It is not widely known that the PDF format may contain executable content in the form of Javascript. Malware has been spread through Javascript in PDFs.1 While it is of course possible to create a PDF without Javascript, the user opening the document has no way to know whether any particular PDF is safe before opening it — by which point it may be too late. I am hesitant to call PDF an unsafe file format because of its enormous value for other reasons and the low incidence rate of PDF malware. But it cannot be called a safe file format.

(11) Provenance and trust: “Published content should be digitally signed or include attestation of publication/creation date, authenticity, and integrity.”

A digital signature is a method to ensure that, byte for byte, the data you have is the same as the data as published by its source. Digital signatures help data users validate the source of the data they find so that they can trust that the data has not been modified since it was published. Establishing provenance and trust in a machine-processable way is important for static information. This is sometimes called authenticity or authentication.

Authenticity has been emphasized lately primarily by the government document librarian community, and digital signatures are now a primary offering of the Government Printing Office’s FDSys database of federal government documents. Authenticity is also a core component of the Uniform Electronic Legal Materials Act movement2.

There are two significant reasons to beware of the significance of authenticity, however:

An often heard claim is that governments have a responsibility to use digital signatures to prevent government documents from being (illicitly) modified. This is not correct. Since it is the transformation of data into new forms by mediators that makes government data useful to citizens, modification is the point. (And it has always been this way. See the discussion of mediators in Open Government, Big Data, and Mediators.) On my website, I modify congressional data in every way that I present it to make it more accessible, informative, and actionable by my users — without making the presentation any less accurate. ( has bugs, but so does government data!) In this way digital signatures stand in contrast to the principle of analysis.
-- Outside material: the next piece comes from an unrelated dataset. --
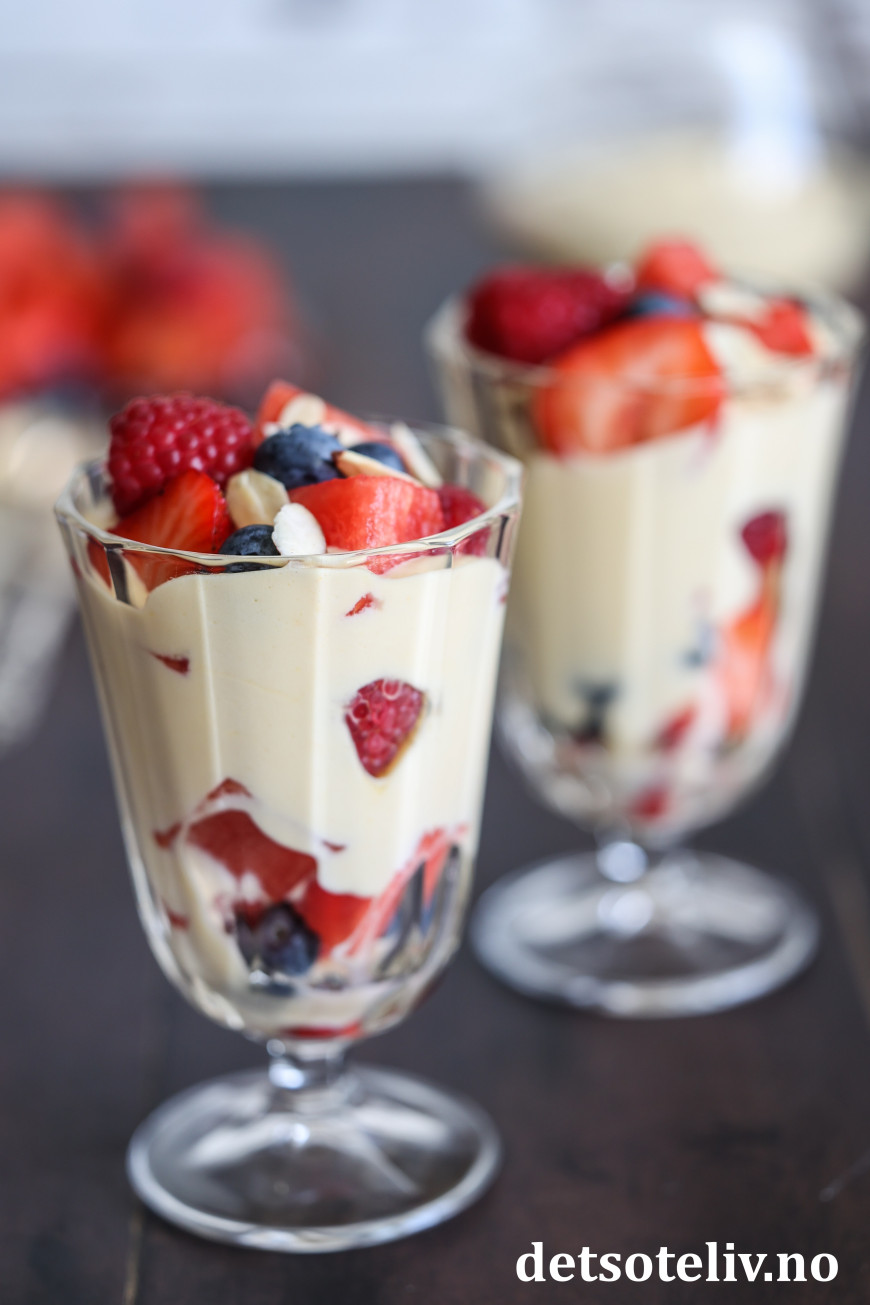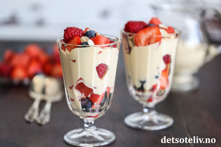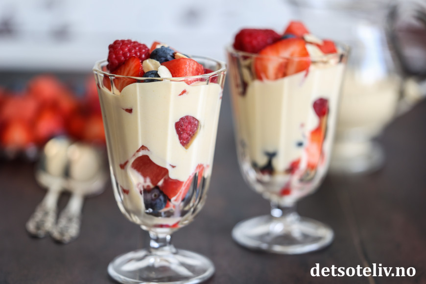 ♥ Desserten bør serveres samme dag den er laget, så både bær og råkremen er helt fersk.
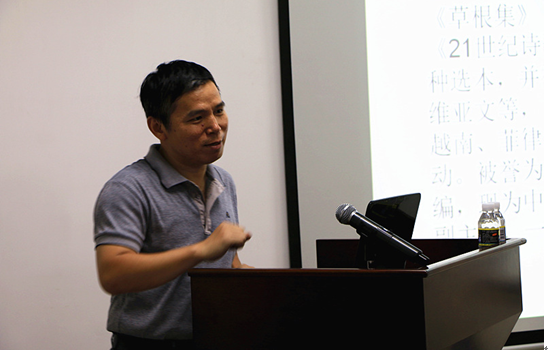 2016年6月3日晚上8点,著名诗人与诗歌理论家李少君在社科楼B719会议室为公司师生带来一场题为“百年新诗的历史意义”的专题讲座。李少君被誉为“自然诗人”,现任《诗刊》副主编,中国作家协会诗歌委员会委员,曾任《天涯》杂志主编。本次讲座由刘复生经理主持,公司部分教师、研究生、本科生、诗歌爱好者参加了本次讲座。 李少君从“百年新诗”的源头1917年讲起,讲到1957年《诗刊》的创刊,有关新诗与中国现代性的关系的争论,诗歌的历史意义以及诗歌对于人心灵的慰藉作用等。他还将中国的诗教传统与西方的宗教传统作比较,认为“西方有圣经,中国有诗经”。在他看来,新诗是自由、进步的标志,新诗于中国的主要意义在于解放思想、革新文化。 李少君与师生们分享了他关于诗歌的最新思考成果——当代诗歌四十年。他将“当代诗歌四十年”分成了四个阶段:第一阶段是朦胧诗时期,这个时期是向外学习的阶段,翻译诗对于当代诗歌有重要意义;第二阶段是文学寻根时期,也是对内寻找传统的时期,值得注意的是这一时期余光中、郑愁予、洛夫等台湾现代诗人对中国大陆的影响;第三阶段为21世纪初的诗歌,也就是由李少君老师提出的“草根性”时期,这个阶段是向下挖掘的阶段,网络诗歌,地方诗歌,女性诗歌等崛起,新的创作机制、传播机制、评判机制、选择机制、编辑机制等都促使诗歌进入到一个相对大众化、民主化的时代。李老师预言,中国即将出现诗歌的第四个阶段——向上超越的阶段,在这个阶段将确立新的美学原则,创造新的美学形象,建立现代意义世界。讲到尽兴处,李少君朗诵起自己的两首诗——《致——》《抒怀》,感情真挚。李少君两个小时的讲座,给师生们带来的不仅有“诗意”,还有各种“意义”。 在总结发言环节,刘复生经理对李少君的讲座给予高度评价:“诗歌写作,从来都不只是关于个人的情感和内心的风景,当下诗坛的问题,在于诗人和评论家们过多的沉溺于细碎的个人经验,迷失在语词的丛林。而李少君一直以来关于诗歌的思考,总是和中国文化复兴的命运潜在相关,经由诗歌,他试图探索与追问的是中国文化建议的战略战术问题,这是值得我们重视和尊敬的。” (通讯员:胡杏)

(There is unfortunately no method for a digital signature to be preserved when data is modified. Adaptations of data, analyses, visualizations, and corrections and cleanups to data necessarily change the bytes or add new bytes, breaking the digital signature.)

Additionally, non-technical users of government documents may not know how to properly validate a digital signature. While some software applications can validate digital signatures for users, such as Adobe Acrobat for PDF files, the simplicity offered by these applications can give a false sense of security. These programs are incredibly difficult to use properly, even by technologists. We are a long way from being able to teach citizens to recognize when a file hasn’t been digitally signed by a trusted authority.

The responsibility governments do have is ensuring that those who want original government documents — the mediators themselves, archivists, researchers, and enterprising citizens — can in fact get them now and in the future. Digital signatures should be a part of government information dissemination and preservation but should not hinder dissemination or prevent the analysis and reuse of government data.